• [EXERCISE]
Omitting all images, transcribe the entries word for word.

• [STORED DATA]
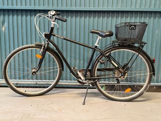Bicicleta urbana Btwin Elops en color negro. Ideal para desplazamientos diarios. - Cuadro de acero. - Ruedas de 28 pulgadas. - Frenos V-brake. - Portabultos trasero. - Cesta.
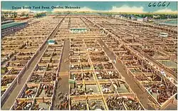 Union stockyards in the United States were centralized urban livestock yards where multiple rail lines delivered animals from ranches and farms for slaughter and meat packing. A stockyard company managed the work of unloading the livestock, which was faster and more efficient than using railway staff.[1] Terminal stockyards received, handled, fed, watered, weighed, held, and forward-shipped commercial livestock.[2] The Chicago Union Stock Yards were the most famous and enduring example of this type of commercial complex. They are considered one of the chief drivers that empowered the animal–industrial complex into its modern form.[3][4] Stock yards also existed in Canada. Livestock from ranches in Mexico and points south were sometimes driven to American stockyards.
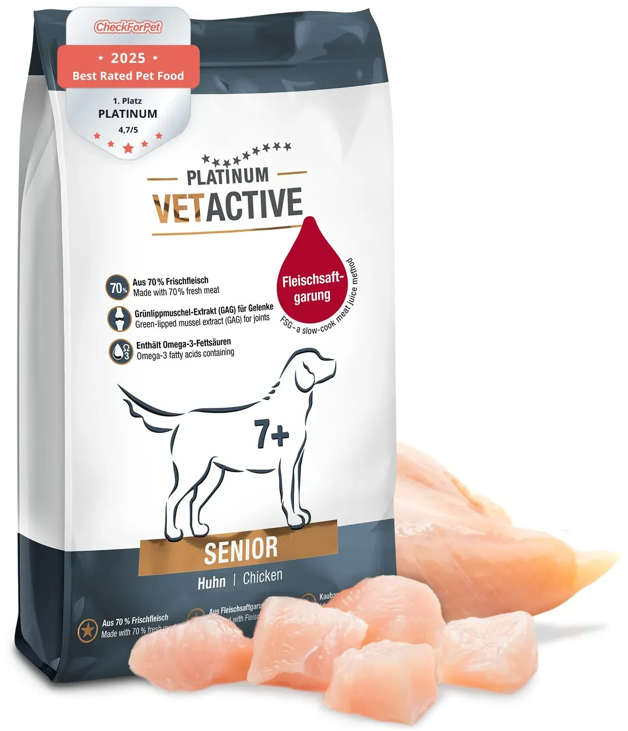 keine Angabe Gewöhnlich versandfertig in 3 bis 4 TagenPLATINUM - Hundenahrung VETACTIVE Senior aus Fleischsaftgarung - 5kg Hundefutter trocken nährstoffreich wie Barf - besonders schmackhaftes Hundetrockenfutter für Hunde - fett- und kalorienreduziert
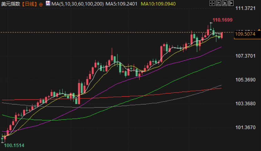美元指数上涨 0.34% 报 109.33 ,远离本周初触及的逾两年高位。
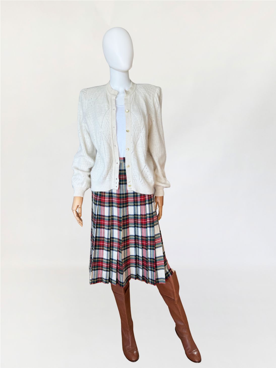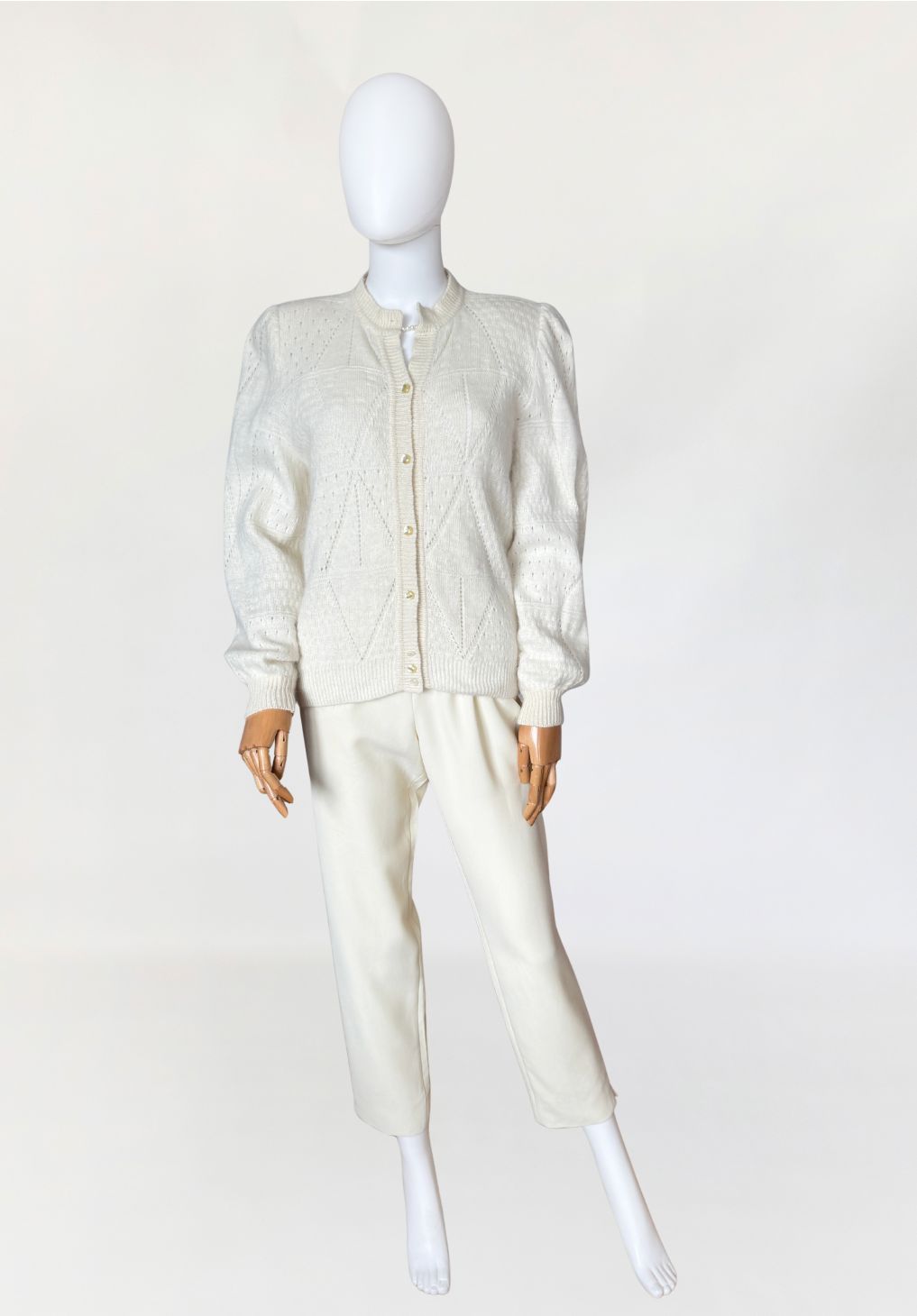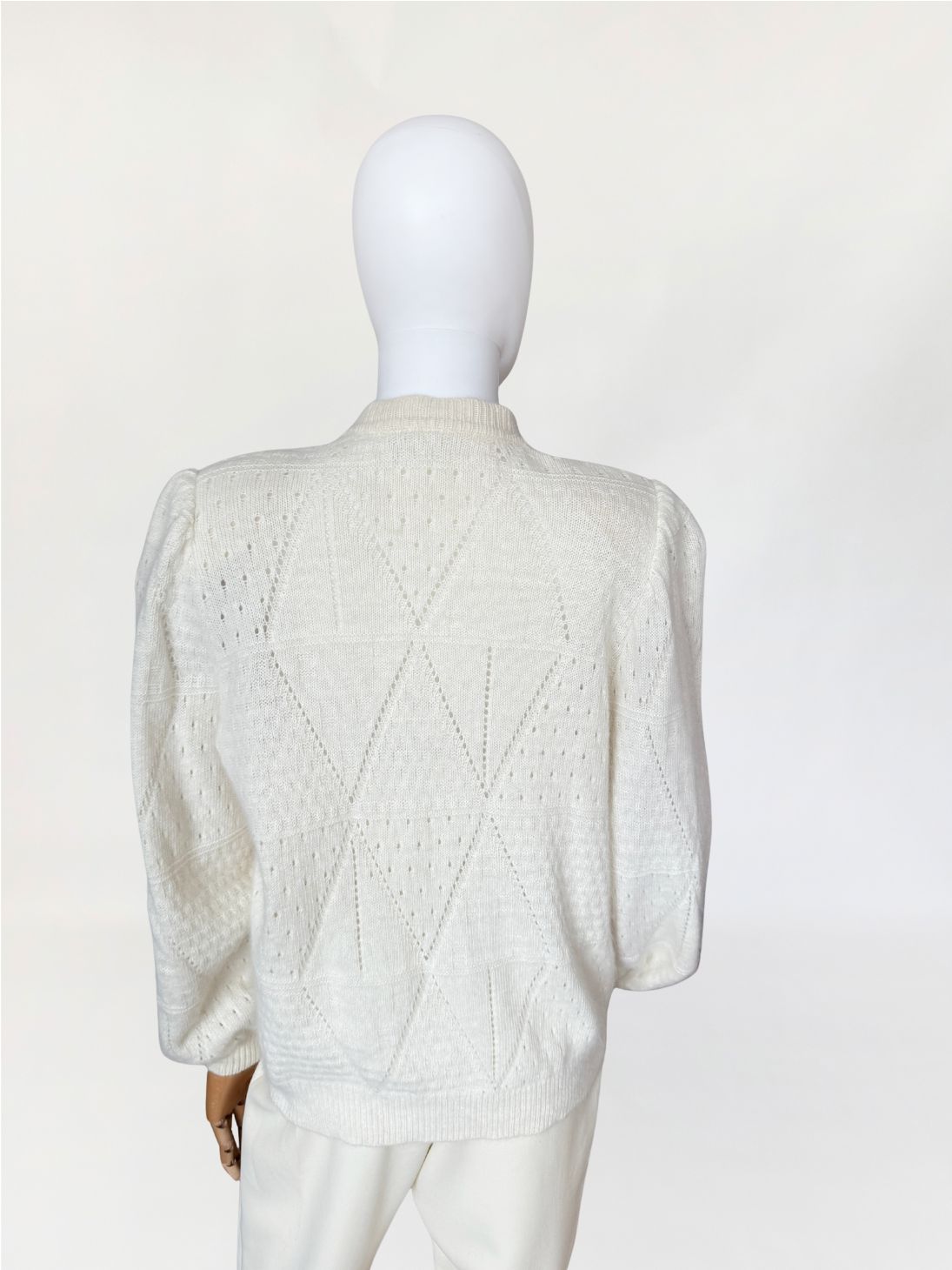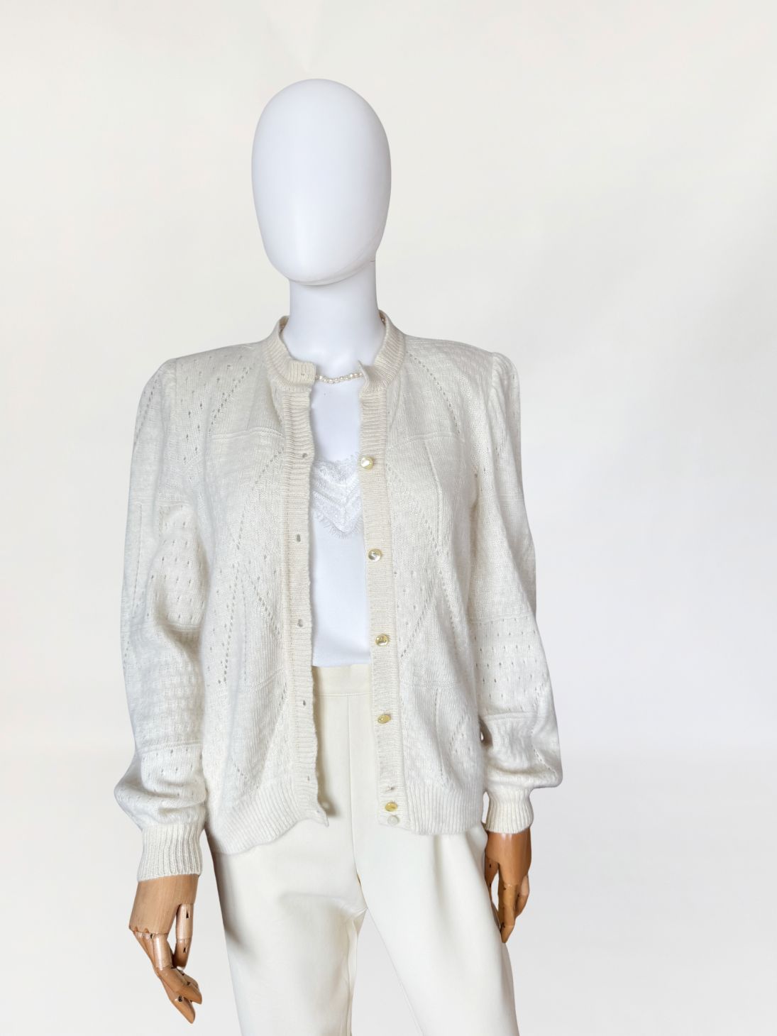 Puszysty, ręcznie robiony kardigan vintage wykonany z luksusowej mieszanki angory i wełny. Na całości dzianiny delikatny ażurowy splot układający się w geometryczny wzór Klasyczny rozpinany fason z długimi rękawami i lekko bufiastymi ramionami.

• [ANSWER BELOW]
Bicicleta urbana Btwin Elops en color negro. Ideal para desplazamientos diarios. - Cuadro de acero. - Ruedas de 28 pulgadas. - Frenos V-brake. - Portabultos trasero. - Cesta.
 Union stockyards in the United States were centralized urban livestock yards where multiple rail lines delivered animals from ranches and farms for slaughter and meat packing. A stockyard company managed the work of unloading the livestock, which was faster and more efficient than using railway staff.[1] Terminal stockyards received, handled, fed, watered, weighed, held, and forward-shipped commercial livestock.[2] The Chicago Union Stock Yards were the most famous and enduring example of this type of commercial complex. They are considered one of the chief drivers that empowered the animal–industrial complex into its modern form.[3][4] Stock yards also existed in Canada. Livestock from ranches in Mexico and points south were sometimes driven to American stockyards.
 keine Angabe Gewöhnlich versandfertig in 3 bis 4 TagenPLATINUM - Hundenahrung VETACTIVE Senior aus Fleischsaftgarung - 5kg Hundefutter trocken nährstoffreich wie Barf - besonders schmackhaftes Hundetrockenfutter für Hunde - fett- und kalorienreduziert
美元指数上涨 0.34% 报 109.33 ,远离本周初触及的逾两年高位。
 Puszysty, ręcznie robiony kardigan vintage wykonany z luksusowej mieszanki angory i wełny. Na całości dzianiny delikatny ażurowy splot układający się w geometryczny wzór Klasyczny rozpinany fason z długimi rękawami i lekko bufiastymi ramionami.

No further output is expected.